International Journal of Rotating Machinery

Film cooling is a commonly-accepted effective way to protect the gas turbine hot sections from the high temperature products of the combustion chamber. Numerous film hole geometries have been the subject of investigation by many researchers over the past three decades with the aim of keeping the target wall under the maximum allowable temperature with the least amount of precious cooling air and minimum aerodynamic losses. In this study, we are proposing a new trench geometry that is fed by 30°-inclined embedded circular film holes entering from the trench sidewall. The cooling jets impinge on the opposite wall of the trench which is tilted towards the jets and then is pushed over the coverage wall by the main flow.

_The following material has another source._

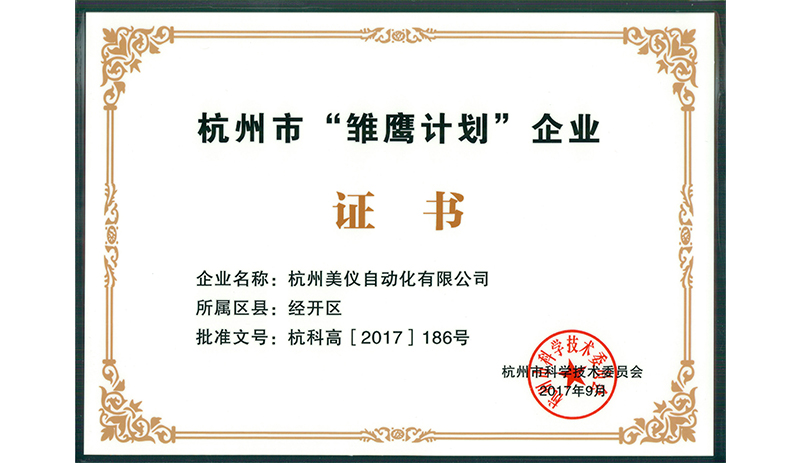 杭州博天堂网址自动化技术有限公司被杭州市政府列为第一批“雏鹰计划”重点科技型企业!

Three trench geometries with the same exit area and tilt angles (the angle between the trench side- and top-wall) of 75°, 90°, and 105° degrees are tested for three blowing ratios of 0.5, 0.75, and 1.0, and the film effectiveness results are compared using the adiabatic pressure sensitive paint technique. CFD analyses are also performed using the realizable turbulence model with the enhanced wall function option. Major conclusions of this study were that the trench geometry with the trench tilt angle of 75°, corresponding to the smallest trench volume, had the best performance at the lowest blowing ratio, and good agreement was observed between the CFD and test results.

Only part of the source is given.